303 words·~1 min read·/register/2018/05/15/2018-10281

A research copy — for the controlling text, always check the official state or federal source. Not legal advice.

BILLING CODE 4164-01-P DEPARTMENT OF HEALTH AND HUMAN SERVICES Food and Drug Administration [Docket Nos. FDA-2017-N-4951; FDA-2017-N-5569; FDA-2017-N-6145; FDA-2011-N-0275; FDA-2017-N-7012; and FDA-2017-N-6175] Agency Information Collection Activities; Announcement of Office of Management and Budget Approvals AGENCY: Food and Drug Administration, HHS. ACTION: Notice. SUMMARY: The Food and Drug Administration
(FDA)is publishing a list of information collections that have been approved by the Office of Management and Budget
(OMB)under the Paperwork Reduction Act of 1995. FOR FURTHER INFORMATION CONTACT: Ila S. Mizrachi, Office of Operations, Food and Drug Administration, Three White Flint North, 10A-12M, 11601 Landsdown St., North Bethesda, MD 20852, 301-796-7726, *PRAStaff@fda.hhs.gov.* SUPPLEMENTARY INFORMATION: The following is a list of FDA information collections recently approved by OMB under section 3507 of the Paperwork Reduction Act of 1995 (44 U.S.C. 3507).

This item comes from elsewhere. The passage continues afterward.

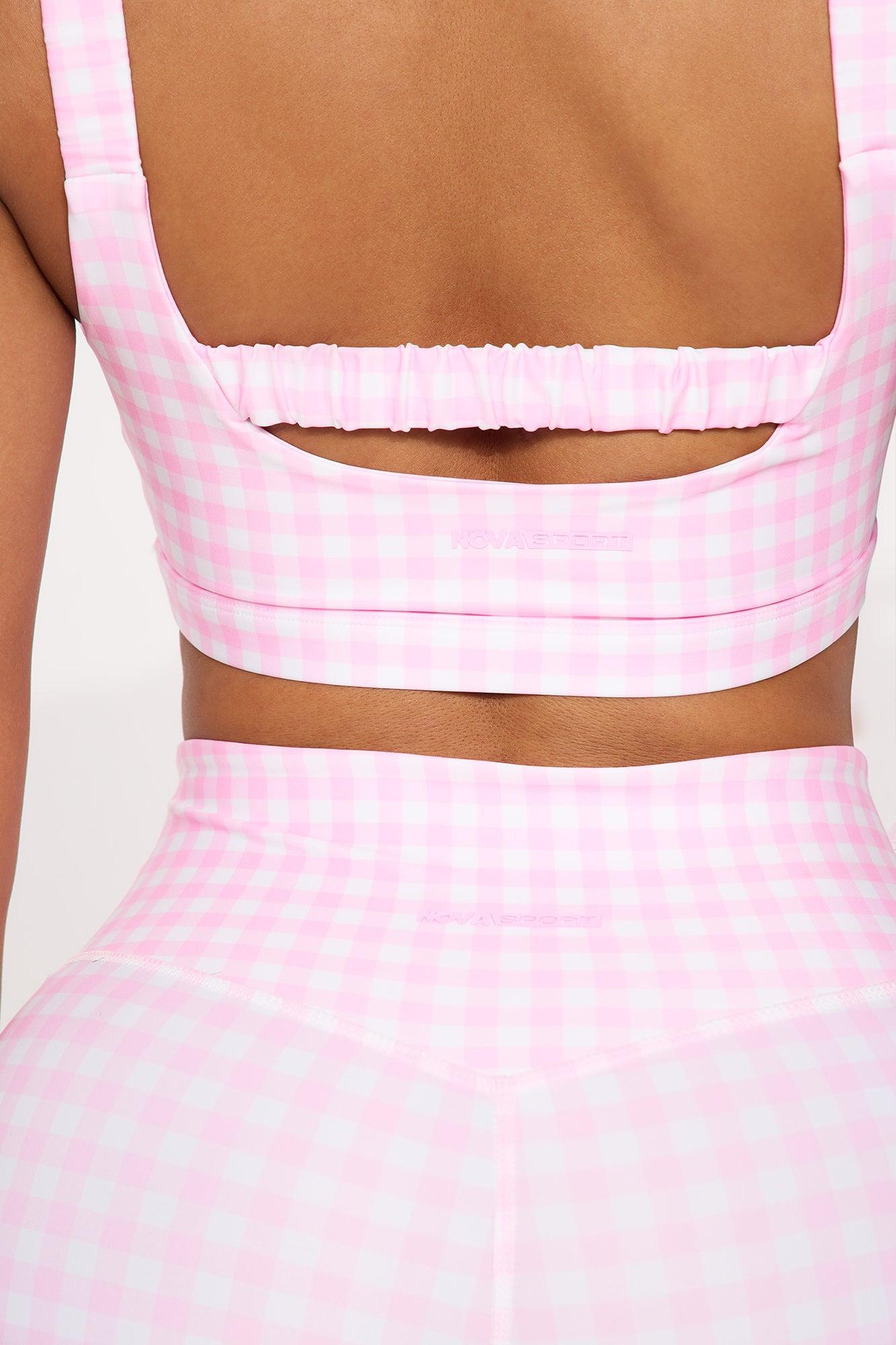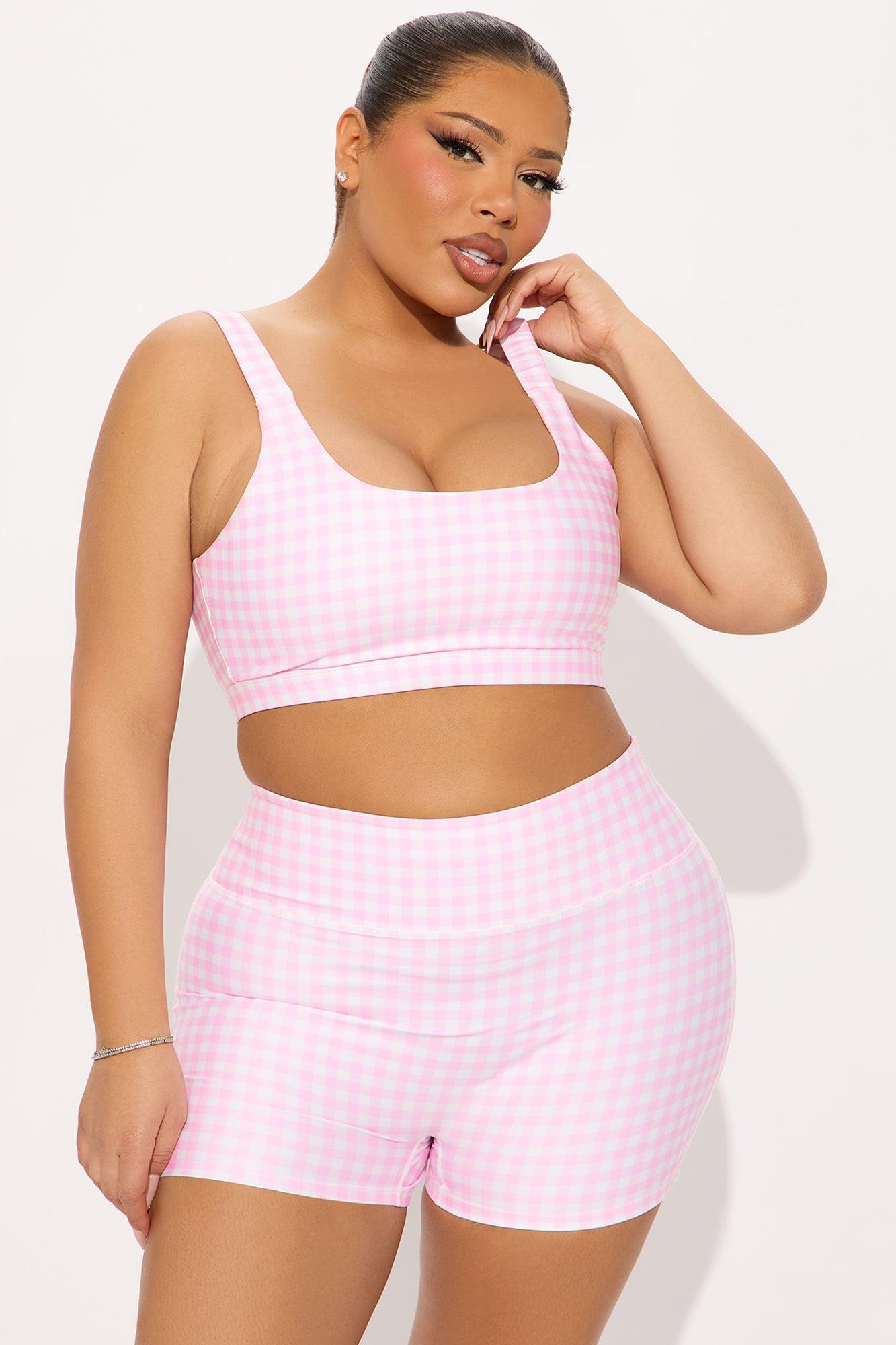 Available In Blush And Butter Yellow. Active Set Sports Bra Scoop Neck, Sleeveless Cut Out Detail Active Short, High Waisted Elastic Waistband 3" Inseam Elevate Gingham Print High Impact, Stretch Disclaimer: Print Placement Will Vary. Shell: 73% Polyester 27% Spandex Mesh: 82% Nylon 18% Spandex Imported

The OMB control number and expiration date of OMB approval for each information collection are shown in table 1. Copies of the supporting statements for the information collections are available on the internet at *https://www.reginfo.gov/public/do/PRAMain.* An Agency may not conduct or sponsor, and a person is not required to respond to, a collection of information unless it displays a currently valid OMB control number. Table 1—List of Information Collections Approved By OMB Title of collection OMB control number Date approval expires Medical Devices; Humanitarian Use Devices 0910-0332 3/31/2021 Medical Devices; Device Tracking 0910-0442 3/31/2021 Dispute Resolution Procedures for Science-Based Decisions on Products Regulated by the Center for Veterinary Medicine 0910-0566 3/31/2021 Certification to Accompany Drug, Biological Product, and Device Applications or Submissions (Form FDA 3674) 0910-0616 3/31/2021 Use of Public Human Genetic Variant Databases to Support Clinical Validity for Genetic and Genomic-Based In Vitro Diagnostics 0910-0850 3/31/2021 Food and Drug Administration Recall Regulations 0910-0249 4/30/2021 Dated: May 9, 2018. Leslie Kux, Associate Commissioner for Policy. [FR Doc. 2018-10281 Filed 5-14-18; 8:45 am]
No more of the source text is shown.